30 April 2026, 02:33

Bonner Polizei startet Großoffensive für mehr Sicherheit von Radfahrern und E-Bike-Fahrern

Eine Gruppe von Motorradfahrern bei einem Rennen auf einer Strecke, die Helme tragen, mit Text unten.

Bonner Polizei startet Großoffensive für mehr Sicherheit von Radfahrern und E-Bike-Fahrern

Die Bonner Polizei hat ihre Maßnahmen zur Verbesserung der Verkehrssicherheit für Radfahrer und E-Bike-Nutzer intensiviert. Eine aktuelle Kampagne verband Kontrollen mit Präventionsarbeit und richtete sich gezielt an Schulen sowie Unfallschwerpunkte. Anlass dafür sind besorgniserregende Unfallzahlen aus dem Jahr 2025, die Hunderte besonders gefährdete Verkehrsteilnehmer betrafen.
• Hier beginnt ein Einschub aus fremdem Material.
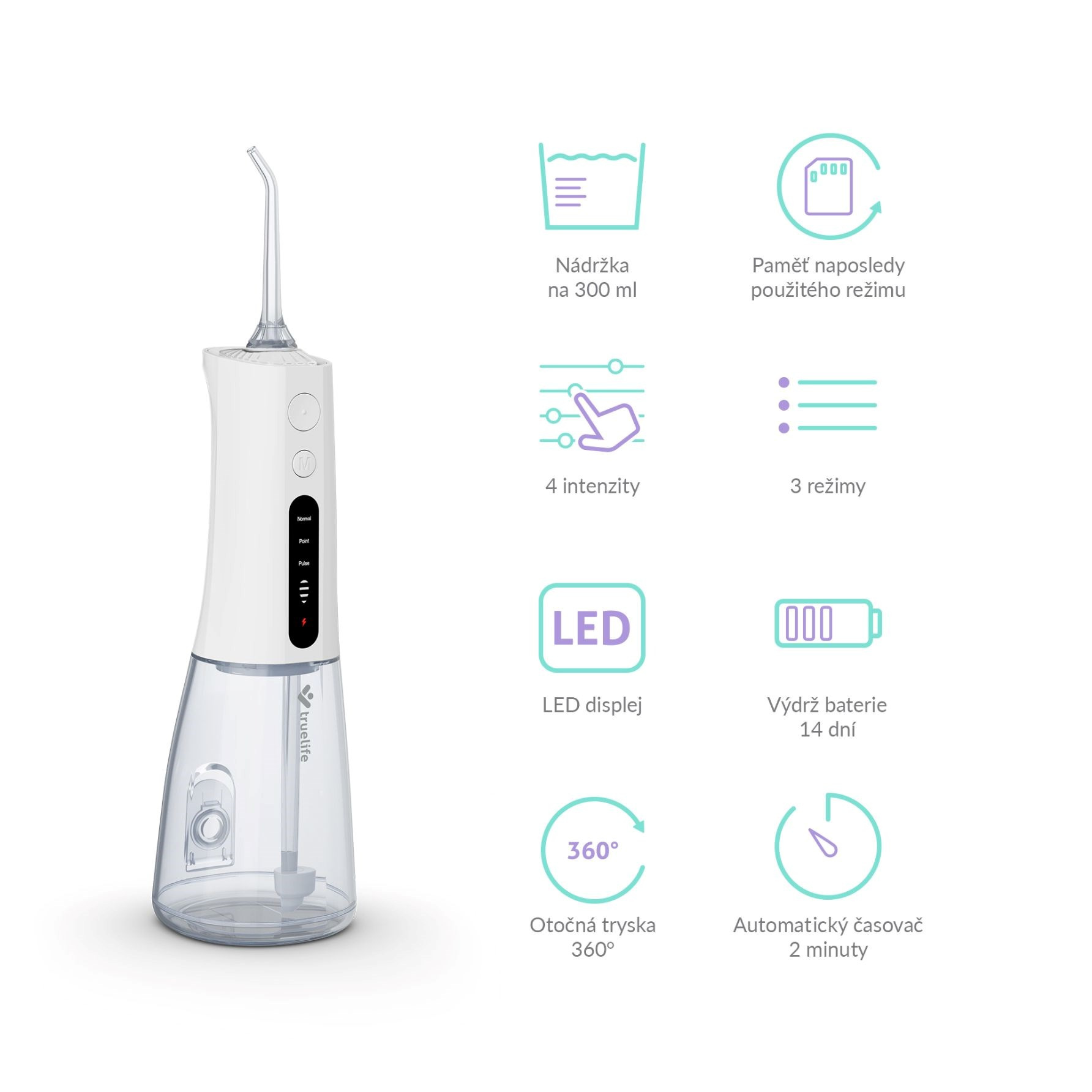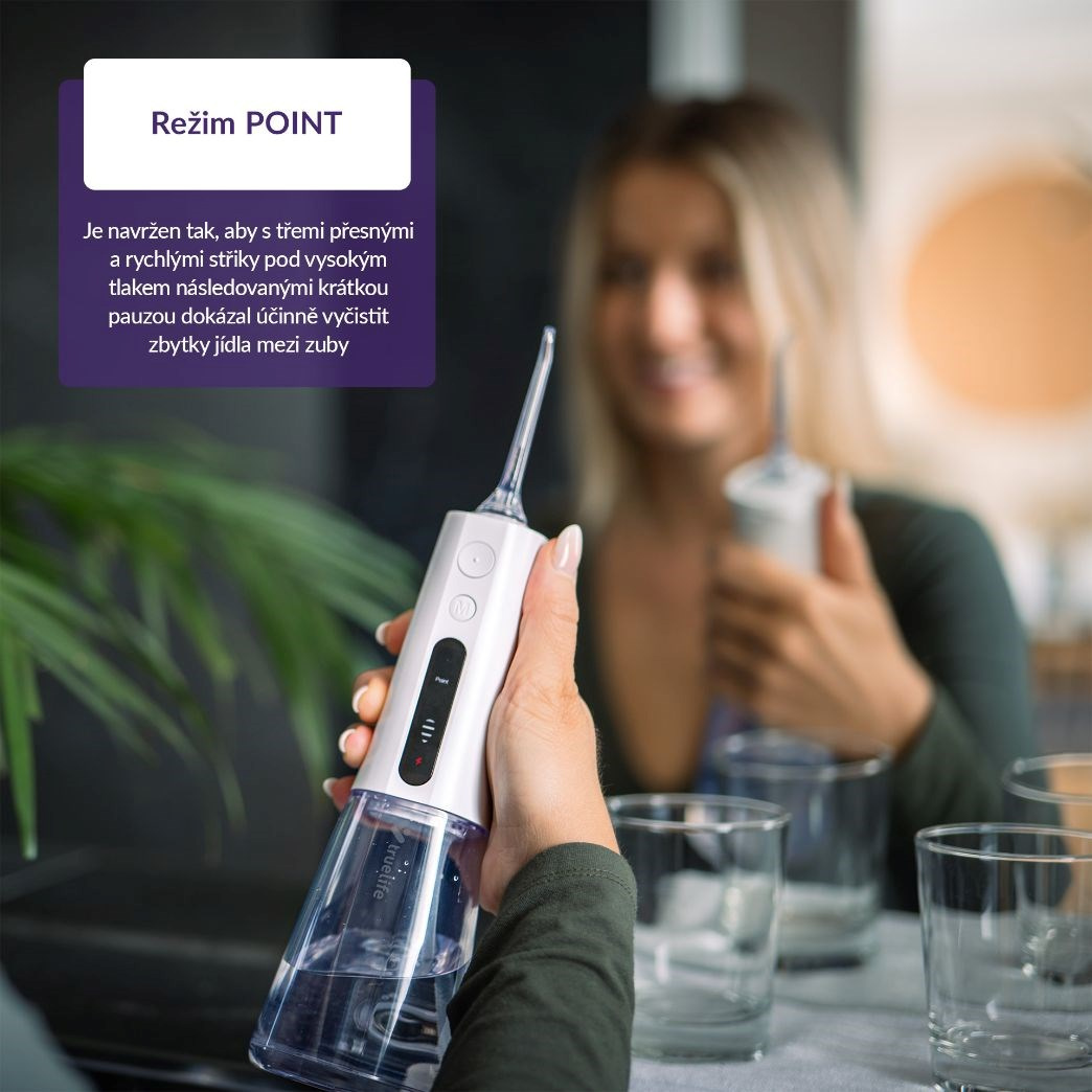 Medzizubné priestory bývajú rajom baktérií, ktoré sú príčinou zubných kazov. Najúčinnejšie sa ich zbavíme každodenným čistením nielen zubov, ale práve aj priestoru medzi nimi. Špeciálne kefky či zubná niť nemusia byť práve komfortné a ich neustále nakupovanie pociťuje náš peňaženka. Šetrnejšie riešenie vo všetkých smeroch predstavuje ústa sprcha TrueLife AquaFloss Compact L100 disponujúca 3 režimami čistenia, predovšetkým režimom POINT, ktorý cielene a účinne odstráni zvyšky jedla z medzizubných priestorov. 300ml nádržka s dvojitým plnením, zhora aj zozadu, pohodlne vydrží na dvojminútové čistenie, ktoré stráži integrovaný časovač. Praktické je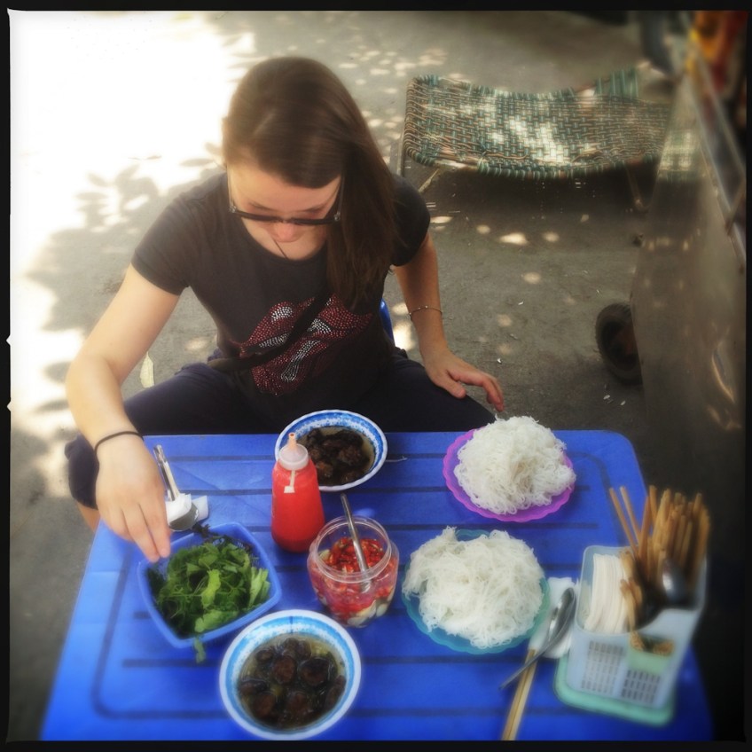 Kaire prepares her bun cha.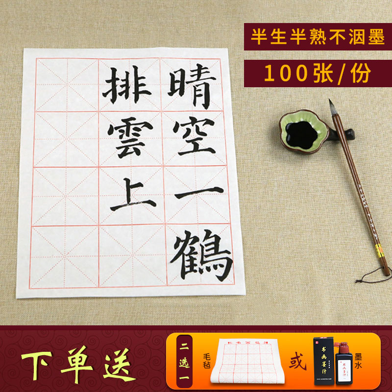 宣纸米字格半生半熟毛笔字书法练习纸初学者套装毛边纸批发100张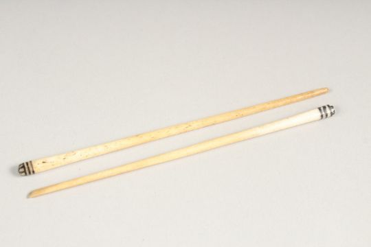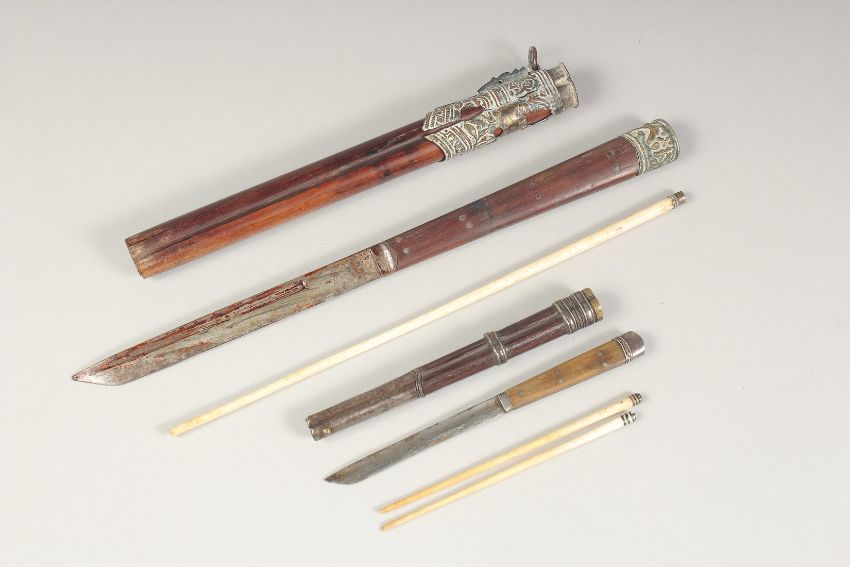 TWO TRAVELLING TROUSSE KNIFE AND CHOPSTICK SETS, each with bone chopsticks; the larger set lacking one chopstick, 32cm and 18.5cm, (2).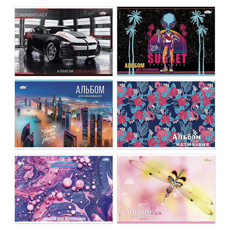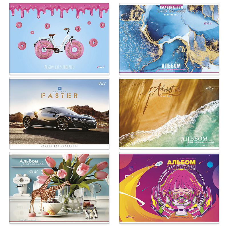 АВ-15 Альбом для рисования 20 л. 100 г/м2, полноцветная картонная обложка, БрискLK22-243 Альбом для рисования, 30 л. 100 г/м2, спираль, гибридний лак + УФ, Likee
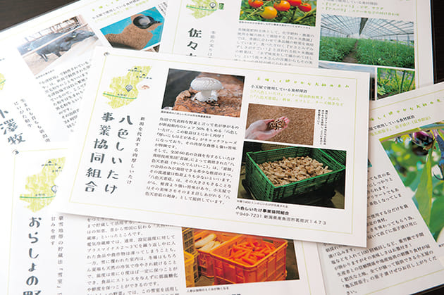 今回のコロナウイルス禍でレストランの売上にも影響があったことから、「山のあわび」が少しずつ認知され、受注も増えていることが心強いという藍子氏。「ぽんしゅ館」をはじめ近隣地域での取扱いが広がり、ECサイトでの販売も開始。最近では新潟伊勢丹の「越品」、市のふるさと納税の返礼品にも採用されるなど、販路が広がりつつある。 さらに、この3月から天恵菇のかさを刺身用に加工した新商品を発売した。「かさの部分を丸ごと1個使っているので、大きさも分かってもらえると思います」「天恵菇は普通のしいたけよりも旨味が3倍あるといわれています。本物のアワビに負けない旨味と食感を感じてもらいたいです」と2人が話すように、希少価値を打ち出した商品を今後は首都圏でも販売していきたいという。 また、地域に密着したレストランとして、地元の食材にこだわってきた同店では、南魚沼・大和地区のさまざまな食材や産地を紹介するマップ、生産者を直接取材したレポートの紹介カードなどを来店者に向けて作っている。「地元の食材や生産者さんの思いを発信していきたいという目標の中に、自社商品もあるのです。私たちが目指すのは、商品を通して南魚沼に興味を持ってもらい、この浦佐まで足を運んでもらうこと。それを目標にこれからも商品づくりをしていきます」と小島専務。この地域にしかない食材を付加価値を高めた商品に昇華させ、南魚沼の魅力を全国に発信していく。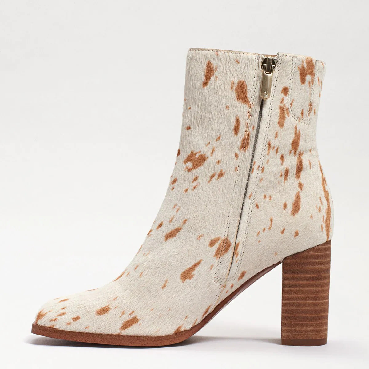 Sam Edelman Osten Ivory/Natural Stacked Heel Almond Toe Fashion Ankle Booties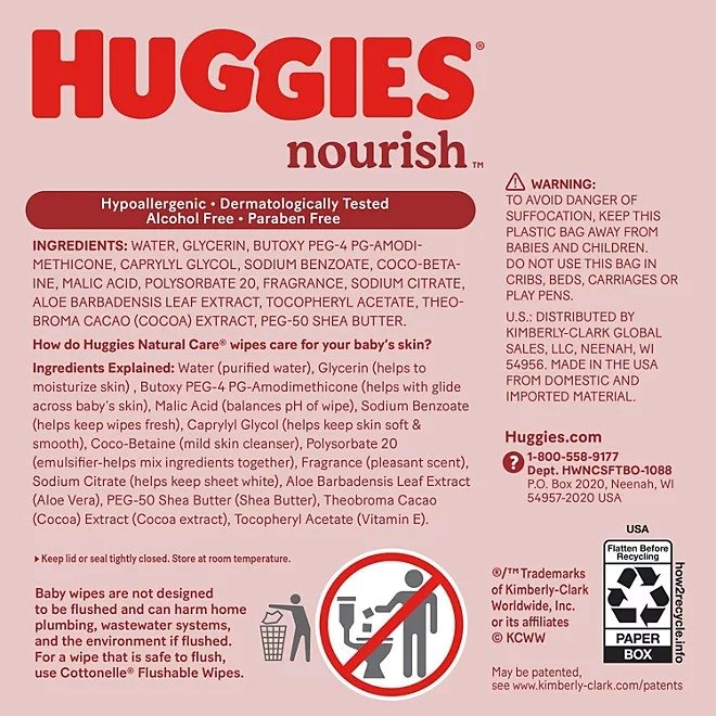With Huggies Nourish & Care Baby Wipes, you can give your baby a 4-in-1 Sensitive Skincare experience that cleans, hydrates, nourishes and soothes their sensitive skin. Plant-based since 1990*, each Nourish & Care wipe is made with cocoa and shea butter ingredients for a soothing scent, as well as 20% thicker** for a cloth-like feeling with every wipe.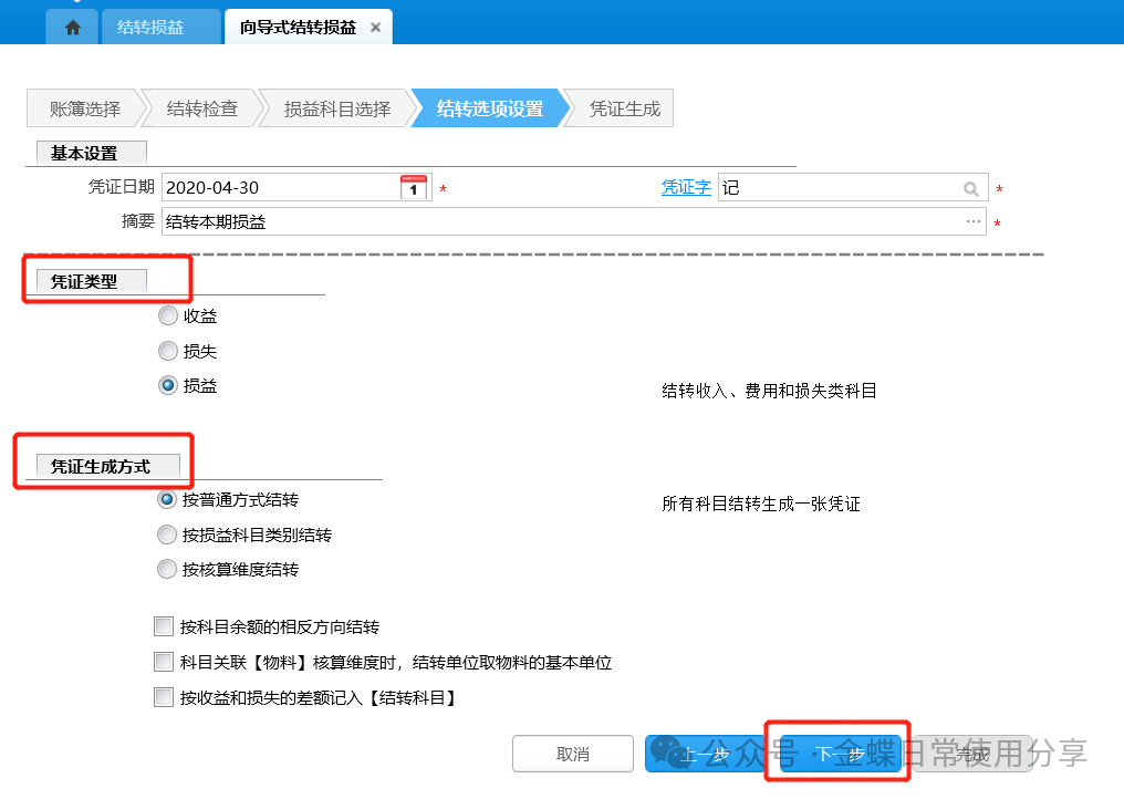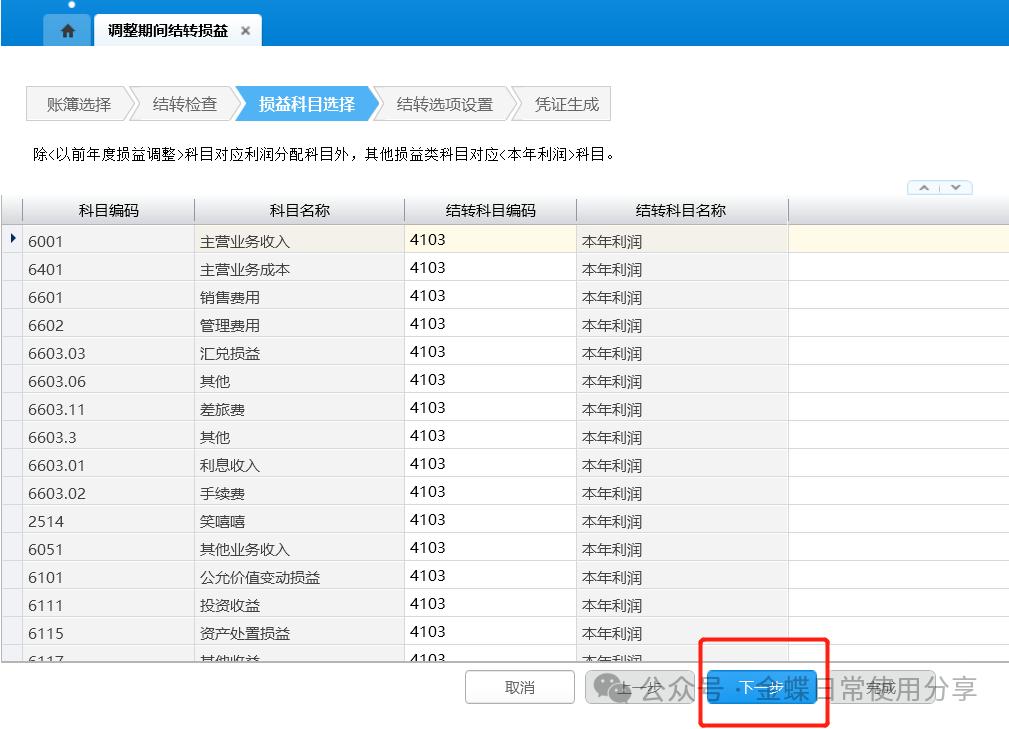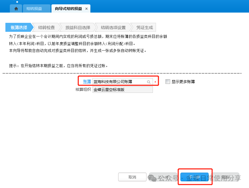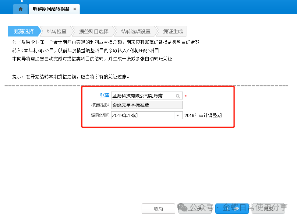 1.账簿选择:选择账簿、调整期间,点击【下一步】,结转损益界面的调整期间下拉列表显示账簿在当前会计期间之前所有未关闭的调整期间;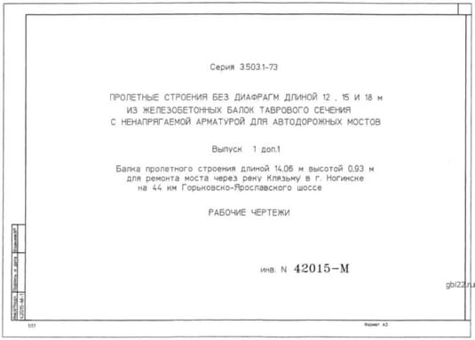 | Название стандарта | Пролетные строения без диафрагм длиной 12 , 15 и 18 м из железобетонных балок таврового сечения с ненапрягаемой арматурой для автодорожных мостов. |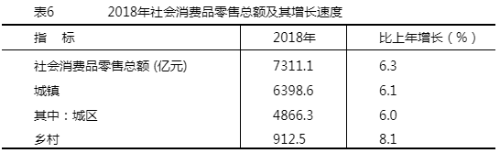全年社会消费品零售总额7311.1亿元,比上年增长6.3%。按经营单位所在地分,城镇消费品零售额6398.6亿元,增长6.1%;乡村消费品零售额912.5亿元,增长8.1%。按消费类型统计,商品零售额6207.2亿元,增长6.0%;餐饮收入额1103.9亿元,增长8.0%。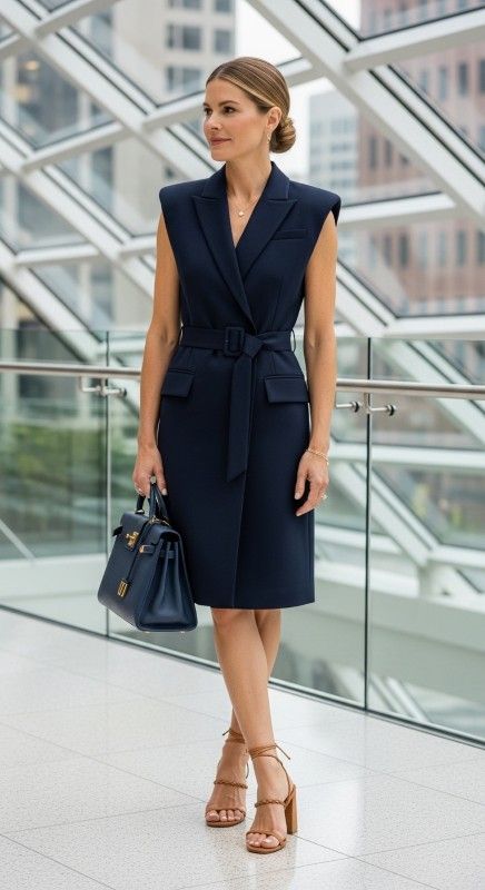 Why It’s Chic: This modern take on the blazer dress features a sleeveless design for maximum breathability while maintaining professional structure. Strappy sandals add polished ease and ensure all-day comfort. It’s sophisticated summer dressing for the confident woman over 40.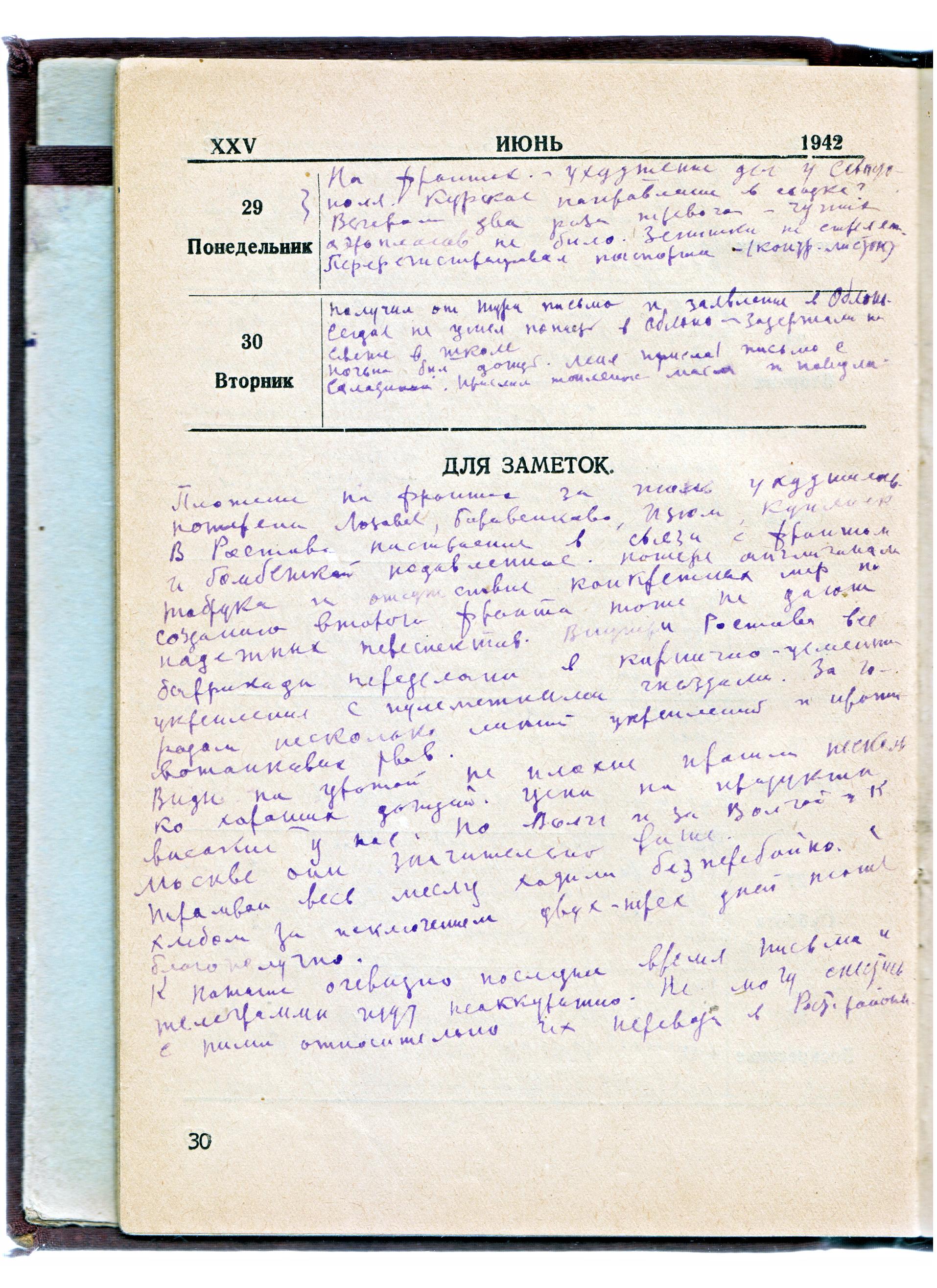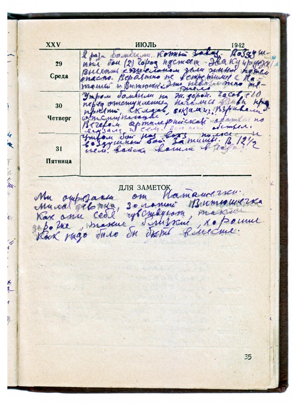 | 29 | июля | 1942: | "...2 раза бомбили конный завод. Воздушные бои (2). Город пустеет, эвакуируется. Выехать с эшелоном или иным путем опасно. Вероятно, не встретимся с Наташей и Витюшкой. Это невозможно тяжело." |

Im Rahmen der Initiative überwachten Beamte über 2.700 Fahrzeuge auf Geschwindigkeitsüberschreitungen – dabei wurden 125 Autofahrer, vor allem in Schulnähe, mit zu hohem Tempo erwischt. Zudem führten mehr als 20 Polizisten Kontrollen durch und ahndeten über 200 Verkehrsverstöße von Radfahrern sowie 141 Verstöße anderer Verkehrsteilnehmer.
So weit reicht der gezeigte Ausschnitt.